Jul 15 10:55:09 sec kernel: block drbd1: State change failed: Refusing to be Primary without at least one UpToDate disk
Jul 15 10:55:09 sec kernel: block drbd1:   state = { cs:WFConnection ro:Secondary/Unknown ds:Inconsistent/DUnknown r--- }
Jul 15 10:55:09 sec kernel: block drbd1:  wanted = { cs:WFConnection ro:Primary/Unknown ds:Inconsistent/DUnknown r--- }
Jul 15 10:55:10 sec kernel: block drbd1: State change failed: Refusing to be Primary without at least one UpToDate disk
Jul 15 10:55:10 sec kernel: block drbd1:   state = { cs:WFConnection ro:Secondary/Unknown ds:Inconsistent/DUnknown r--- }
Jul 15 10:55:10 sec kernel: block drbd1:  wanted = { cs:WFConnection ro:Primary/Unknown ds:Inconsistent/DUnknown r--- }
Jul 15 10:55:11 sec kernel: block drbd1: State change failed: Refusing to be Primary without at least one UpToDate disk
Jul 15 10:55:11 sec kernel: block drbd1:   state = { cs:WFConnection ro:Secondary/Unknown ds:Inconsistent/DUnknown r--- }
Jul 15 10:55:11 sec kernel: block drbd1:  wanted = { cs:WFConnection ro:Primary/Unknown ds:Inconsistent/DUnknown r--- }

*var/log/ha-debug file is:*

Jul 15 10:04:30 sec.master heartbeat: [4559]: info: Link test.cluster:eth0 dead.
Jul 15 10:04:32 sec.master heartbeat: [4559]: info: Heartbeat restart on node test.cluster
Jul 15 10:04:32 sec.master heartbeat: [4559]: info: Link test.cluster:eth0 up.
Jul 15 10:04:32 sec.master heartbeat: [4559]: info: Status update for node test.cluster: status init
Jul 15 10:04:32 sec.master heartbeat: [4559]: info: Status update for node test.cluster: status up
Jul 15 10:04:32 sec.master heartbeat: [6281]: debug: notify_world: setting SIGCHLD Handler to SIG_DFL
Jul 15 10:04:32 sec.master heartbeat: [4559]: debug: StartNextRemoteRscReq(): child count 1
Jul 15 10:04:32 sec.master heartbeat: [4559]: debug: get_delnodelist: delnodelist= 
logd is not running2010/07/15_10:04:32 info: Running /etc/ha.d/rc.d/status status
harc[6281]:	2010/07/15_10:04:32 info: Running /etc/ha.d/rc.d/status status
Jul 15 10:04:32 sec.master heartbeat: [4559]: info: Status update for node test.cluster: status active
Jul 15 10:04:32 sec.master heartbeat: [4559]: debug: StartNextRemoteRscReq(): child count 1
Jul 15 10:04:32 sec.master heartbeat: [6301]: debug: notify_world: setting SIGCHLD Handler to SIG_DFL
logd is not running2010/07/15_10:04:32 info: Running /etc/ha.d/rc.d/status status
harc[6301]:	2010/07/15_10:04:32 info: Running /etc/ha.d/rc.d/status status
Jul 15 10:04:32 sec.master heartbeat: [6321]: debug: notify_world: setting SIGCHLD Handler to SIG_DFL
logd is not running2010/07/15_10:04:32 info: Running /etc/ha.d/rc.d/status status
harc[6321]:	2010/07/15_10:04:32 info: Running /etc/ha.d/rc.d/status status
Jul 15 10:04:33 sec.master heartbeat: [4559]: info: remote resource transition completed.

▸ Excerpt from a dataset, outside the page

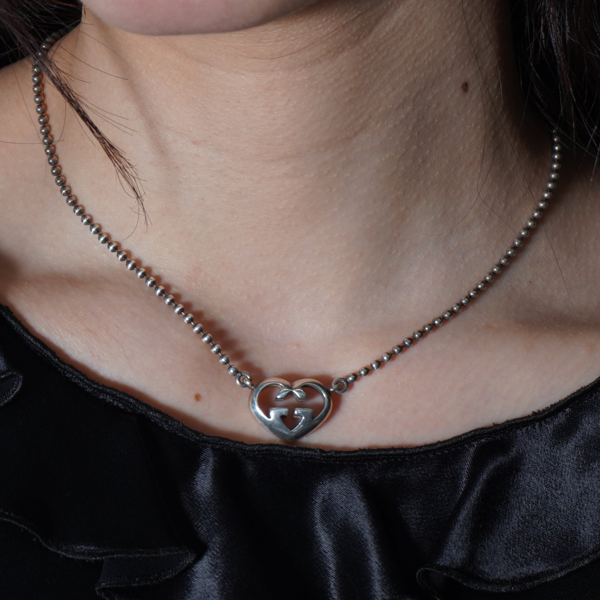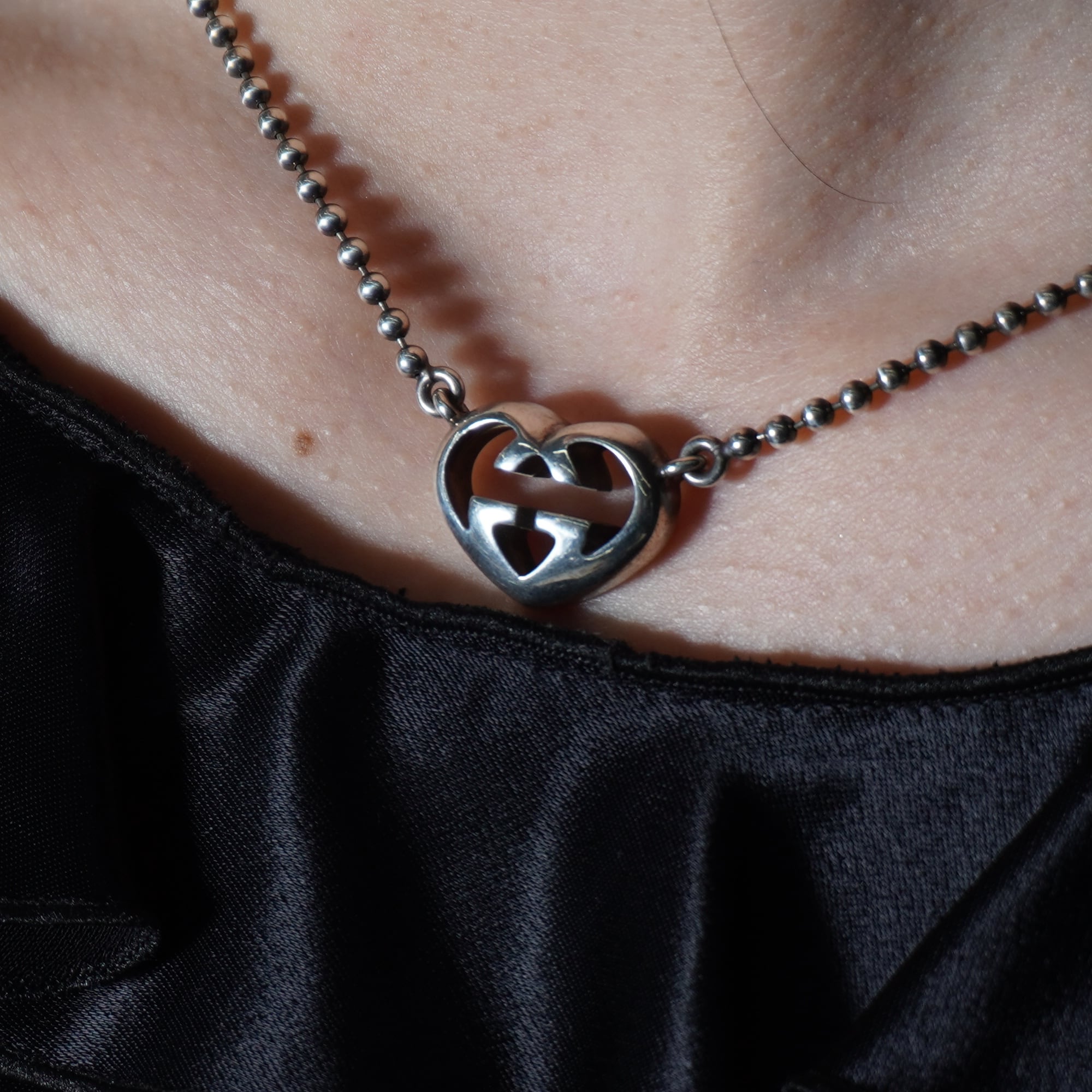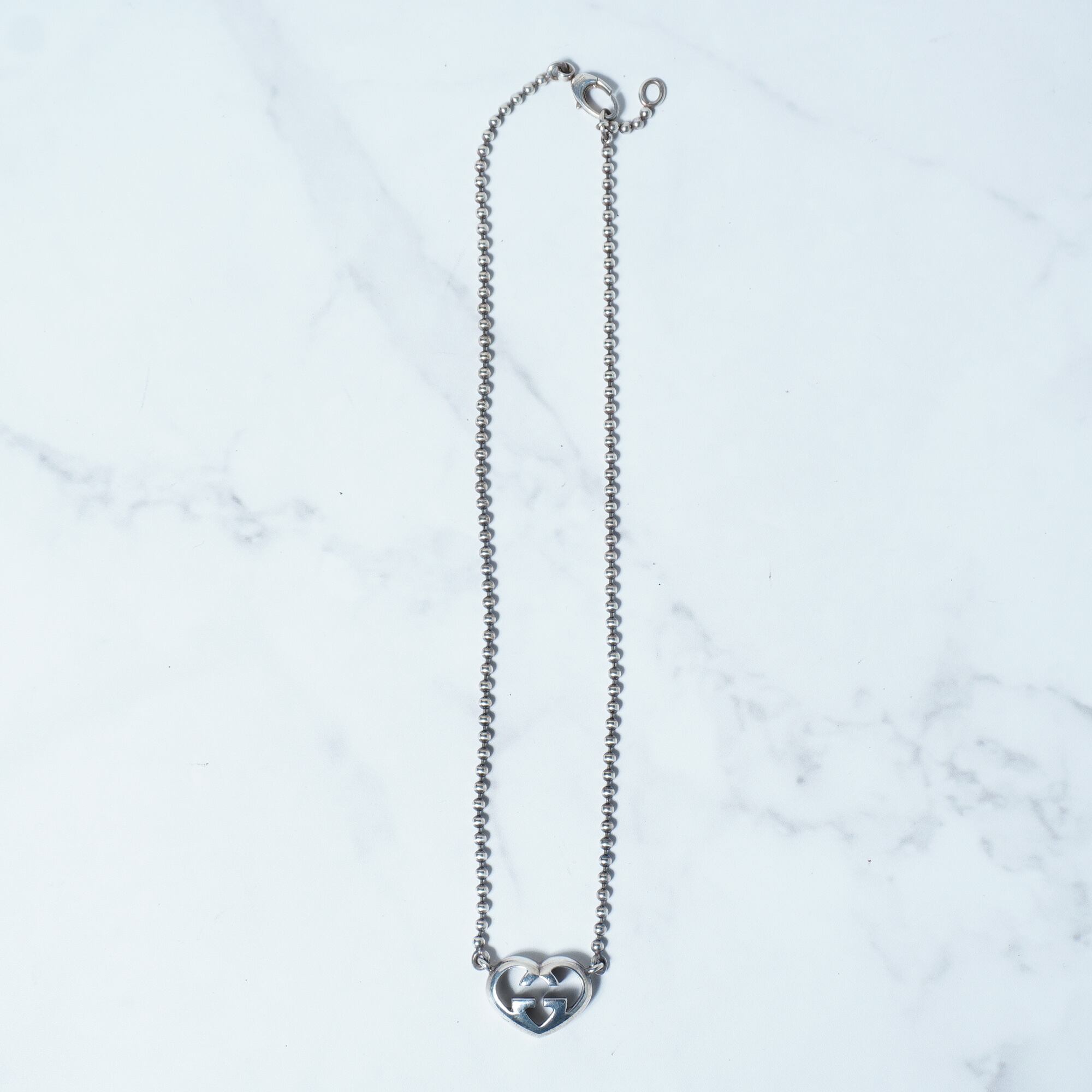 【GUCCI】グッチ シルバー925 ハートインターロッキンGネックレス

Jul 15 10:04:33 sec.master heartbeat: [4559]: info: sec.master wants to go standby [foreign]
Jul 15 10:04:34 sec.master heartbeat: [4559]: info: standby: test.cluster can take our foreign resources
Jul 15 10:04:34 sec.master heartbeat: [6341]: info: give up foreign HA resources (standby).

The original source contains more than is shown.